I have always desired a sense of security in my life, a feeling that my actions would one day achieve an end that was worth every bit of effort spent, every chance taken, every tear shed. My greatest fear is that I will be forgotten, and this is reflected in my daily life mostly clearly in my role as editor of the yearbook, the poster activity for those of us who perceive no greater terror than the obliteration of our legacy. Unfortunately, my early attempts to find a person with whom I would have this sense of everlasting security ended only in frustration and regret, as I so often lost track of my priorities and forsook studying for phone calls. It would all work out in the end, I reassured myself, as yet another less-than-desirable test grade found its way onto my desk.
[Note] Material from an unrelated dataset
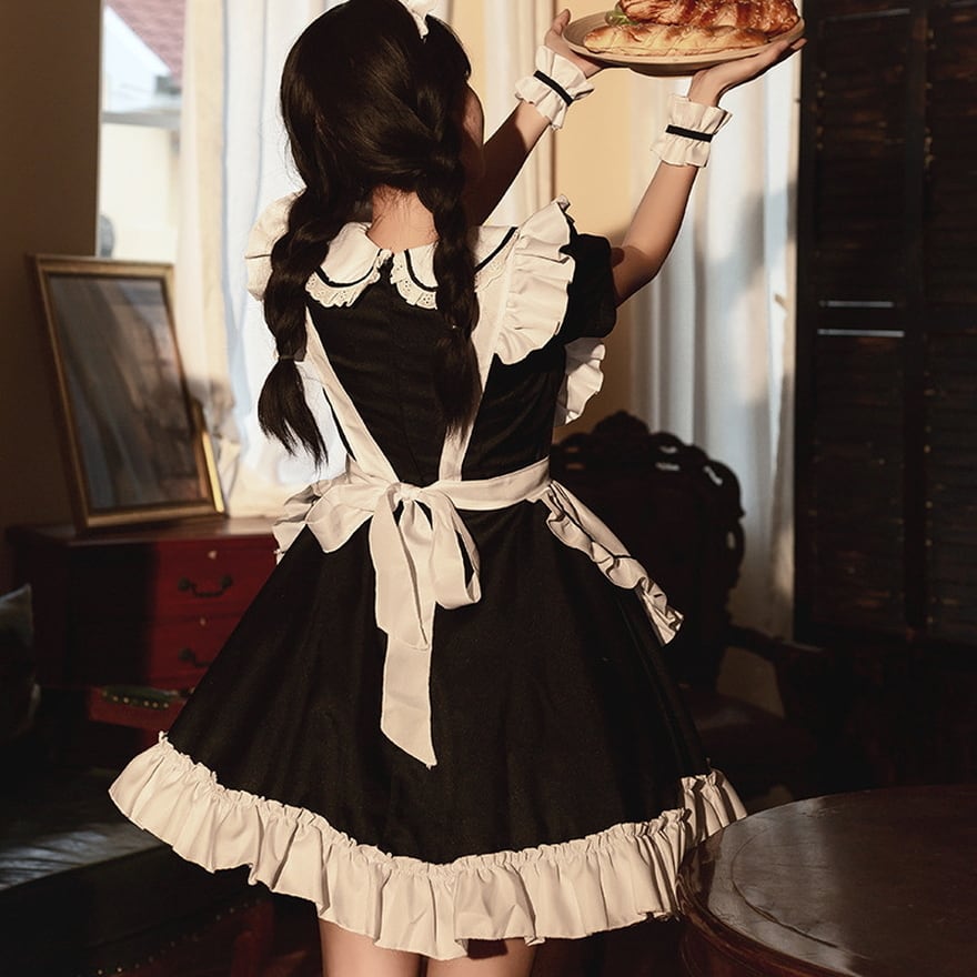 ワンピにエプロン、ヘアドレス、アームカバーの4点セットになります。

As long as someone loves you, nothing can ever be wrong in the world.
With this mantra I embarked on the voyage of the Good Ship High School, ceaselessly seeking someone who shared my perspective, who understood the deepest, most desperate desire of my heart. By sophomore year, I had given up out of sheer exhaustion, resigning myself to the fact that I would never concurrently have a solid relationship and a solid grade average and still time to sleep.
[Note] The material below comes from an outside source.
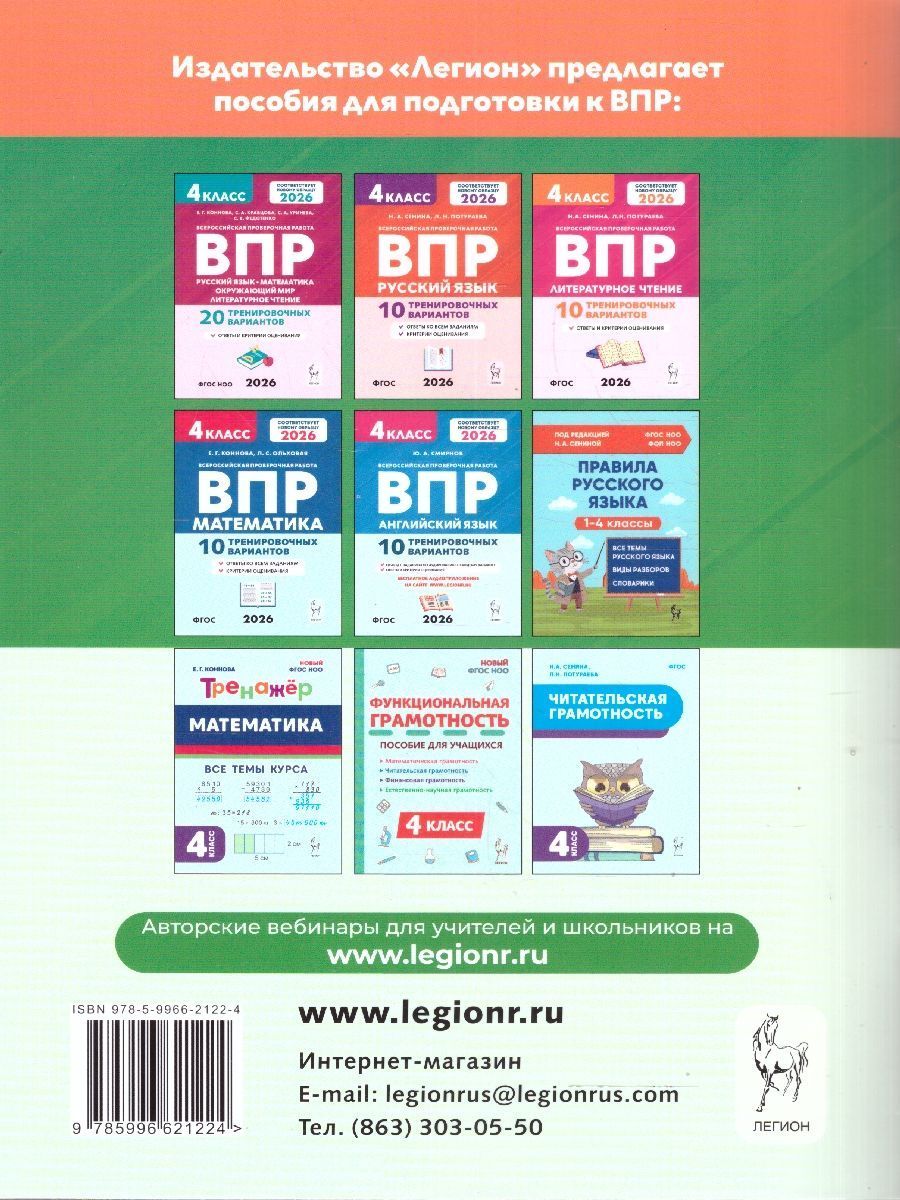 ВПР 2026 Окружающий мир 4 класс. 10 тренировочных вариантов. ФГОС Новый. Материалы пособия помогут четвероклассникам подготовиться к ВПР по предмету «Окружающий мир» и написать её на высокий балл. Пособие содержит: - 10 вариантов в формате ВПР, задания которых соответствуют образцу и описанию проверочной работы, опубликованным ФИОКО; - инструкцию для школьников; - ответы ко всем заданиям и критерии их оценивания (находятся в середине книги). Все варианты единообразно структурированы и имеют одинаковый уровень сложности. Наличие 10 тренировочных вариантов позволяет отработать навыки выполнения заданий на разном материале. Пособие адресовано учителям, четвероклассникам и их родителям.Характеристики

The reason for this unflagging pursuit? Perhaps it was because I never really felt like I fit in, in this small-town high school of 1500 people that was relentlessly upper middle class Caucasian. My fear of being rejected by the ones I tried to befriend probably led me to pursue only one person at a time, borne on the wave of anxiety that accompanied every attempt at forming a connection.
Andy found me one cold winter day, fresh from what I declared would be my last endeavor and my last heartbreak. He simply jumped into my life and asked nothing from me, told me that there was nothing I had to prove to him, and that he wanted to earn my confidence. There was no chasing on my part, no avoidance on his, as had been the case for every previous venture of mine, and as time sweetly gave us its blessing, I found that I had overcome my fear of rejection. I had sacrificed nothing in the way of slipping grades, and had received in return every bit of security that my promise-starved heart could want.
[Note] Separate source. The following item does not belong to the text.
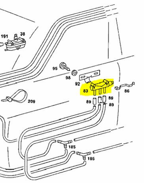 Used OEM Mercedes Switchover Valve/Check Switch for Vacuum Door Lock System from behind Driver's Door Panel.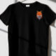 your majestic geometric fox t-shirt design, featuring deep black and grey tones, an simple background, and black eyes for a powerful and simple look.

As the years went by and our relationship steadied itself on firm ground, I found myself ready to stand up in the face of injustice that permeated the lives of myself and those of others saw myself take on bullies and empathize with victims. There was no more time wasted on the phone, and my grades skyrocketed, carried by the fullness of spirit that so happily attends the knowledge that you mean something, everything, to someone.
I never wanted anything but to be loved, but Andy taught me something infinitely greater. You do not need to be loved by everyone, or even a group of people. If you can do something in your lifetime to impact one person, then you have done more than most people can even dream of. Through one person’s understanding, I have found my voice, and have searched since then to inspire another person the same way.
There is no greater feeling than to love and be loved. It is what drives human consciousness and free will, and I am happy to say that what I was looking for wound up finding me in the end.